(Data entries)
◇ ◇ ◇ ◇ ◇ ◇ ◇
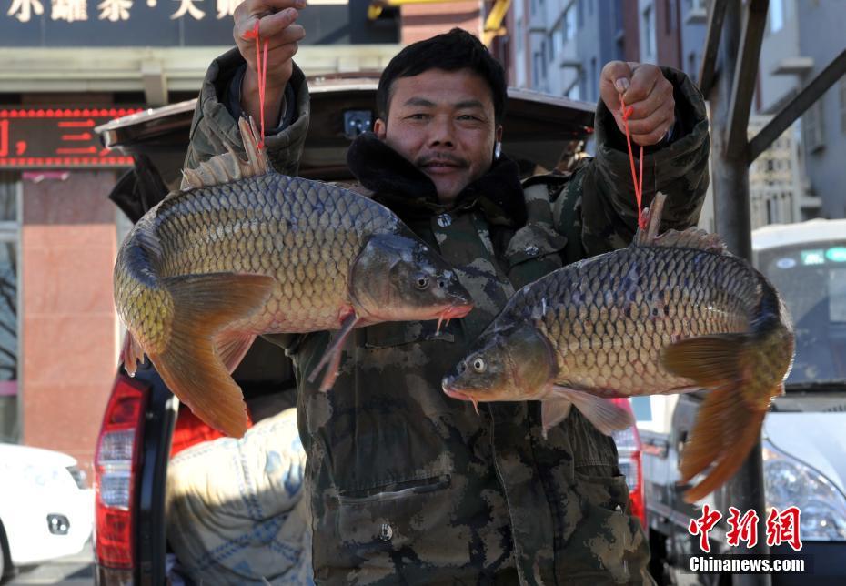 2月12日,腊月二十七,河北雄安新区即将迎来设立之后的首个春节。雄安三县街头的民众们买年货、挂灯笼、逛花市热闹非凡。图为安新街头民众展示“年货”。 中新社记者 韩冰 摄
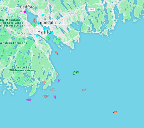凌晨6点:大西洋卡地亚,Ro-Ro容器,到达Fairview Cove来自纽约(追踪器)
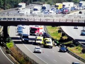 Les cues a l’AP-7 van clarament a la baixa després d’un nou dissabte al matí de trànsit complicat amb fins a 45 quilòmetres de circulació lenta i aturades en diversos trams. Han destacat els 18 quilòmetres entre Castellví de Rosanes i Sant Cugat del Vallès, en direcció Tarragona; i els 16 quilòmetres de retencions entre Cardedeu i Mollet del Vallès, en direcció Girona. En paral·lel, un accident sense ferits a Mont-roig del Camp ha deixat uns 5 quilòmetres de cua cap a Castelló de la Plana. A les 14.45 hores, es mantenen uns cinc quilòmetres de congestió a l’AP-7 a la Jonquera per accedir a França i 1 quilòmetre a Sant Cugat del Vallès per la retirada d’un vehicle accidentat. A l’N-II també es registren 5,5 quilòmetres de cua a la Jonquera.
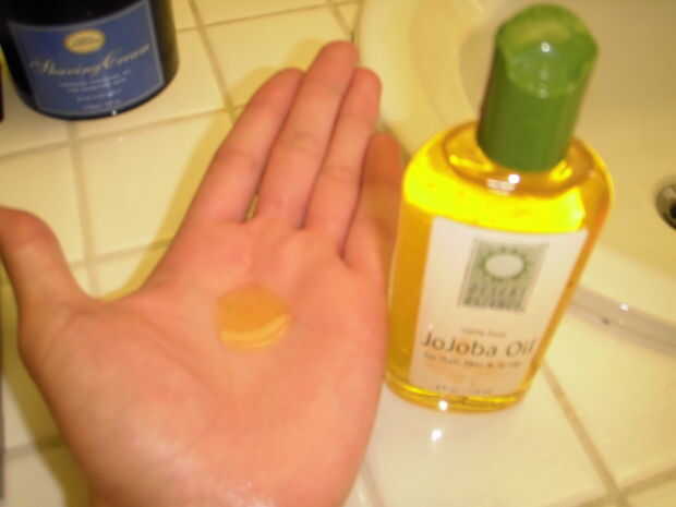 Aplicar generosamente el aceite de jojoba, trabajando en el vello facial. Se trata de aceite para antes del afeitado que ayudará a la maquinilla deslizarse a través de la piel y dar una capa de protección en la cara. Aceite de jojoba se utiliza normalmente como una crema hidratante orgánica y el ingrediente clave en algunos productos de tratamiento tópico de cabello encarnada.
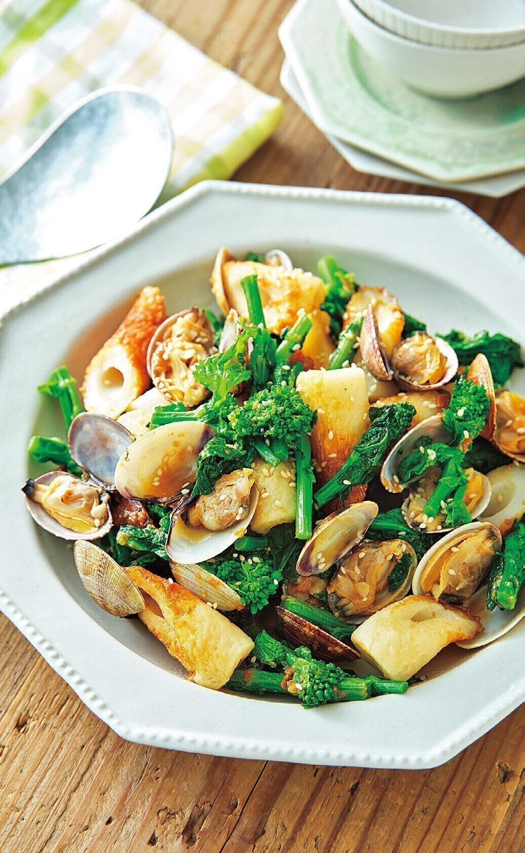 あさりとちくわと菜の花のみそ蒸し
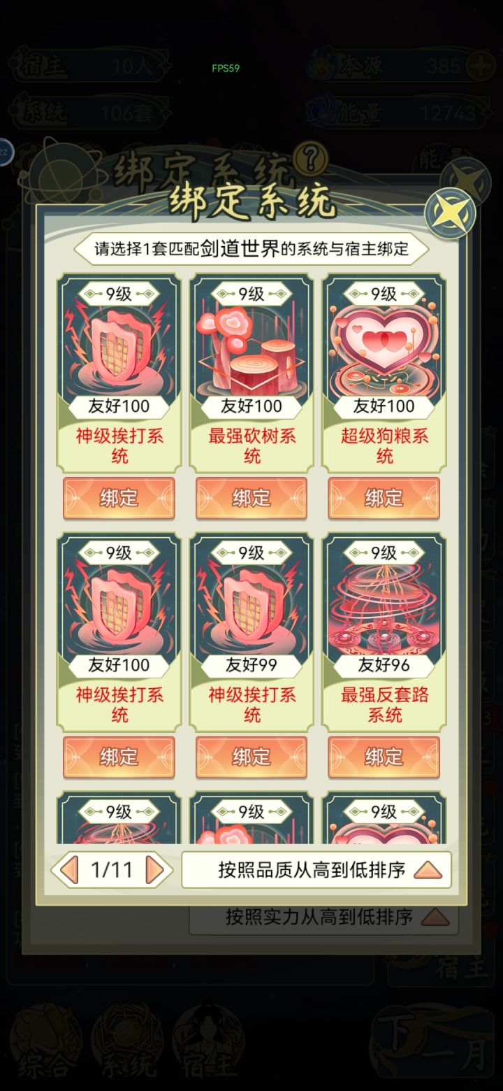 最开始玩建议先弄几个9级红色系统(系统升级需要能量,无脑下个月就行),世界和人物属性不用管,进去以后抽系统,一般6连都会有一个,先搞出一套再考虑完美世界和人物开局,需要注意的世界是武魂和儒道,刷了几百次最高只出过大世界,其他皆为无量最高。 名人堂战力与所属世界大小类型挂钩,大世界5000万,无量10亿,在即将到达战力瓶颈时可把红色系统全下了,不然就只有浪费三个系统
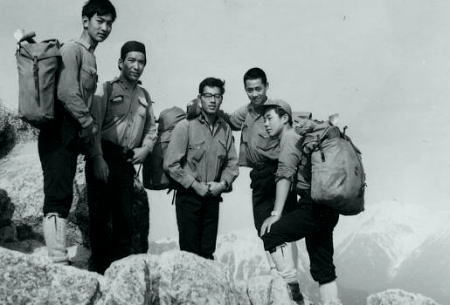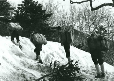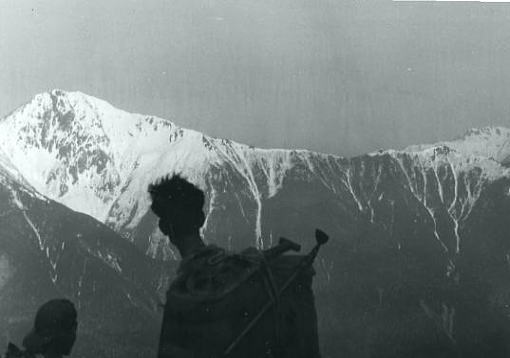 | 鳳凰三山.甲斐駒ケ岳への径 s41年(1966年)05月04〜08日. L西村博臣.sL滝島静昭(3).m和田一男,三浦俊彦.松村進(2) 夜叉神峠―鳳凰三山早川尾根―甲斐駒ヶ岳黒戸尾根―白須 5月04日.新宿= 5日.甲府=夜叉神荘一南御室小屋hc1 6日.c1一早川尾根小屋hc2 7日.c2一駒ヶ岳黒戸尾根.七丈小屋hc3 8日.c3一白須=韮崎=新宿 早朝の甲府駅を発ったバスは満員の登山客を乗せ.御勅使川に沿って山の懐に入って行く。 車窓には白峰の山並みが広がり.うとうとする瞼に今だ真白き雪帽子を乗せたこれから望む山々が望まれた。 夜又神峠の車窓から5月04日晴.新宿23:45= 5日晴.3:25甲府4:20.山梨交通¥230.=5:35夜叉神荘一6:32峠一11:50南御室小屋hc1. 鳳凰,南御室への径 夜又神峠の登り早川尾根の径 夜又神峠から確り踏み固められた赤土の大崖頭山を巻くよう登って行くと.賑やかだった夜叉神峠の装いを遮るよう静か山波に変っている。 そして漸く山に入ると云う実感が湧きだした。この森の先に今日の泊場.南御室が在り.明日は早川尾根に乗る。 大部分が樹林に被われ.吹き溜る残雪が多い。 岩稜と樹林とを旨くミックスさせた鳳凰連山では他人に拘束さられぬ自分達だけの山を味わうことができそうだ。 峠から離れると疎らになった登山者.すれ違う人もいず。 知らずして黒木の樹林に入る。昼間なのに光を閉ざす薄っ暗い森に残雪が被い.次第に積雪は増しだした。 残雪を踏みしめ.薄暗い樹林帯を縫い歩くのは実に楽しい。5月の雪山に心は踊り続けている。 雪と戯れ.腐り切った残雪を踏むと4寸程潜る。 交互に足を出す雪の感触が楽しく.枯木に腰を下ろす休む1本にも.気ははしゃいでいだ。 少しガスが切れた所で秀麗たる冨士が遠望されたが.ここ私の脇からは目の前に日本第2峰の北岳がデンと構えている。 南御室までは苺平付近が一番残雪が多かった。まだ春山の姿を見せ付けていた。 穏やかな南御室の鞍部.樹林を切って小平地が築かれ.そこだけ裸土が現れている。 そして所々雪融け水が溜まっていた。 南御室小屋―鳳凰三山―早川尾根小屋 ![]() |
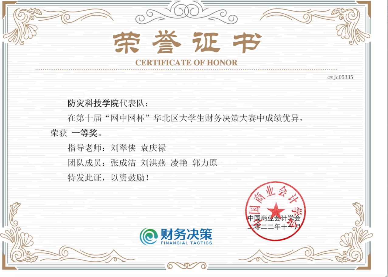 第十届 “网中网杯”老员工财务决策大赛于2022年10月启动。大赛分两个阶段进行。第一阶段为全国大区赛,分为东北区、华北区、华东区、华南区、华西区、华中区六个区域,第二阶段为全国总决赛。大区赛近400余所高校代表队参加,共决出50支代表队晋级全国总决赛。在备赛阶段,指导教师组织了校内赛选拔参赛队伍,在大区赛和总决赛前精心指导解决各种问题。员工也投入大量精力进行备赛,在全国总决赛中,参赛队员克服了疫情原因不能同一处比赛的困难,获得全国总决赛一等奖。财务决策大赛是对员工的企业营运、管理决策、数据分析解读、税务管理、团队协作等核心能力的全方面考察,提升了员工的营运资金管理、投资管理、企业财务分析、全面预算编制及分析能力。
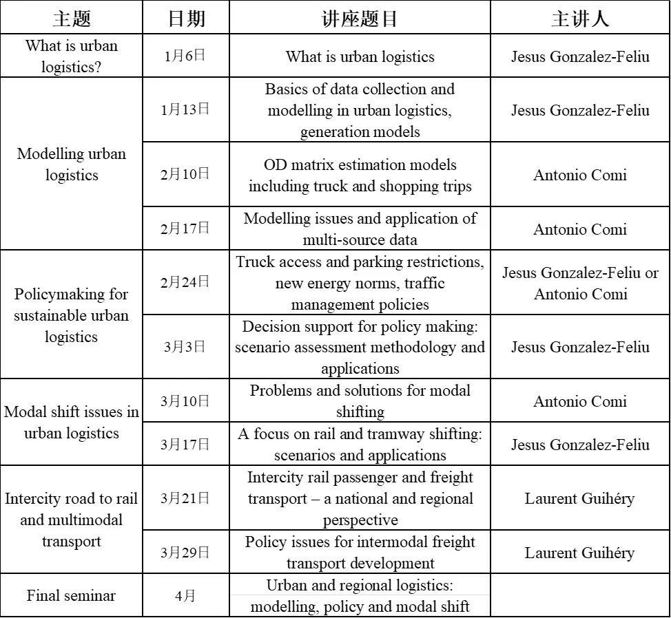 Jesus Gonzalez-Feliu教授长期致力于可持续城市物流的研究,是法国城市货运模型(FRETURB)的重要参与者,该模型已应用于巴黎等十余个欧洲城市。所提出的可持续城市物流体系、配送模式决策支持工具和城市货运需求预测模型等学术成果处于国际领先地位。已出版2本专著、发表论文260余篇,总被引用次数超过4000次,曾在10余个国际科学活动中受邀演讲,获第11届工业产品服务系统CIRP会议最佳论文奖。
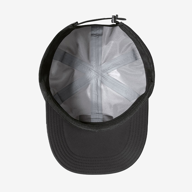 ツバの芯材にも軽量でやわらかな素材を使用し、コンパクトに携行することもできます。後部にフィット感を調整できるドローコードを装備。
◇ ◇ ◇ ◇ ◇ ◇ ◇
#### [Problem to solve]
Above are entries with pictures among them. Write out exactly the lines from the one containing "Aplicar generosamente el" through the one containing "あさりとちくわと菜の花のみそ蒸し", ends included, and leave those pictures out.

#### [Worked solution]
 Aplicar generosamente el aceite de jojoba, trabajando en el vello facial. Se trata de aceite para antes del afeitado que ayudará a la maquinilla deslizarse a través de la piel y dar una capa de protección en la cara. Aceite de jojoba se utiliza normalmente como una crema hidratante orgánica y el ingrediente clave en algunos productos de tratamiento tópico de cabello encarnada.
 あさりとちくわと菜の花のみそ蒸し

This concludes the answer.